Her mother laughs, the finest low laugh in all the world. She pulls a chair up right in front of her for Margaret Mary to sit in and pulls the child’s bare feet into her lap to keep them warm. She begins her story, and her soft, low voice goes on and on in the night until the child is sleeping in the chair,
The next day, and the day after, forever and ever, going out and into this happiness with her mother, Margaret Mary would float her dolls and stuffed animals down the creek, and whatever happened in the time between these sweet adventures with her mother would simply vanish for her.

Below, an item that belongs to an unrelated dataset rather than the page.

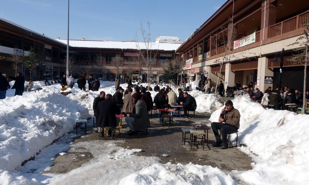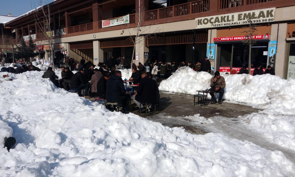 Kentte geçen hafta etkili olan yoğun kar yağışı, hayatı olumsuz etkiledi. Erciş ilçe merkezinde de kar kalınlığı yer yer 80 santimetreye ulaşırken, yüksek kesimlerde 2 metreyi aştı. Kar yağışı kimi vatandaşlar için çileye dönüşürken; ilçede esnaf, kar kütlelerinin arasında masa kurup, çay içerek sohbet etti. İlçede 20 yıldır çay ocağı işlettiğini belirten Fırat Kandemir, “İlçemizde yoğun bir kar yağışı oldu. Kar kalınlığı merkezde yer yer 80 santimetreye kadar ulaştı. Biz de bazı esnaf arkadaşlarla işletmemin önündeki boş alanda masa kurduk, etrafını kar kütleleriyle ördük. Bu ilginç görüntü çevredeki insanların da dikkatini çekti. Çalışmamızdan sonra müşteri sayımız arttı” dedi.
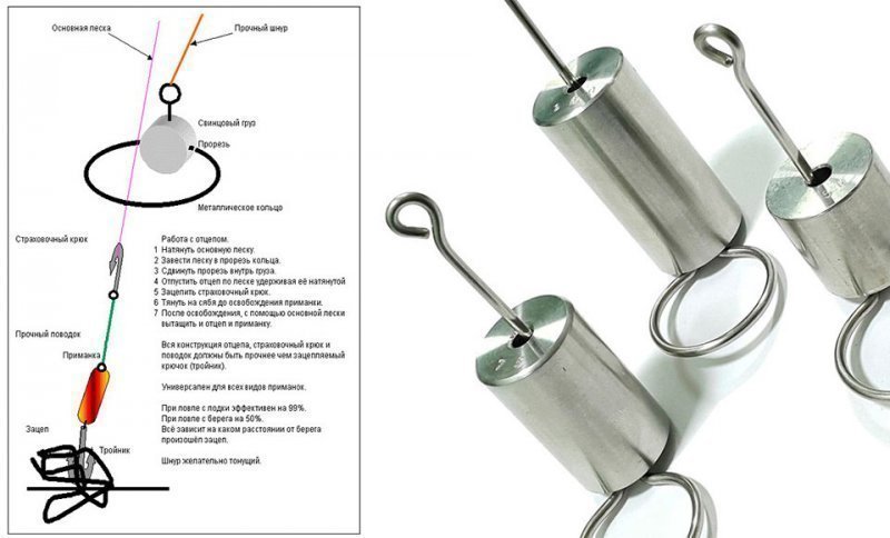 Такая конструкция представляет шаровидное грузило с металлической петлей, которое крепится к веревке. С другой стороны грузила имеется круглая скоба, а сверху над ней расположена прямоугольная рамка, которая фиксируется на скобе с помощью пружины. В рамку через прорезь заводится леска, после чего планка отпускается, чтобы леска находилась в зафиксированном положении. Дальше остается только отпустить грузило, которое по леске начнет движение в сторону зацепа.

I pull myself back from Margaret Mary, from that night of my childhood. I feel a strange sense of jealousy, of wanting this night with my mother, this night that wasn’t really mine, and much, much more.
Blumenfeld is patiently waiting by the side of the couch.
“I wanted my mother’s attention,” I tell him. “And I was ashamed to want it, but I did. I wanted her time and attention. I was unreasonably jealous of anyone who took that from me.”
“Of course you wanted that. And your wish made you feel so confused and ashamed—wanting her attention, feeling jealous.” Blumenfeld pauses. “Because when she gave you her attention, it could come in so many unexpected ways, and some of them were devastating, weren’t they, Annie?”
Shame covers my whole body, the shame of wanting, endlessly wanting, never being satisfied; then the sense of devastation—it washes over me and threatens to drench the rabbit too.